Problem to work on
Starting at the line that contains "as each pacifier" and ending at the line that contains "Фигурка животного станет", the lines below are to be given again exactly, with nothing added.

Data under study
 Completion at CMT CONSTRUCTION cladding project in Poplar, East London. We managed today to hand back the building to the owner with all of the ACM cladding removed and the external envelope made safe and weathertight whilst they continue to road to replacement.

* * *

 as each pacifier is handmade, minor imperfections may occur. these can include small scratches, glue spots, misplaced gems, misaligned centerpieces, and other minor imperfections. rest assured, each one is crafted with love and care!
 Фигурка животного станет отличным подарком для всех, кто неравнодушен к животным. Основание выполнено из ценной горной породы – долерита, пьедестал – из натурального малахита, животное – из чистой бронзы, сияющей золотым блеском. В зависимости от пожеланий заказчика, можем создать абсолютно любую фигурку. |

Answer box
 as each pacifier is handmade, minor imperfections may occur. these can include small scratches, glue spots, misplaced gems, misaligned centerpieces, and other minor imperfections. rest assured, each one is crafted with love and care!
 Фигурка животного станет отличным подарком для всех, кто неравнодушен к животным. Основание выполнено из ценной горной породы – долерита, пьедестал – из натурального малахита, животное – из чистой бронзы, сияющей золотым блеском. В зависимости от пожеланий заказчика, можем создать абсолютно любую фигурку. |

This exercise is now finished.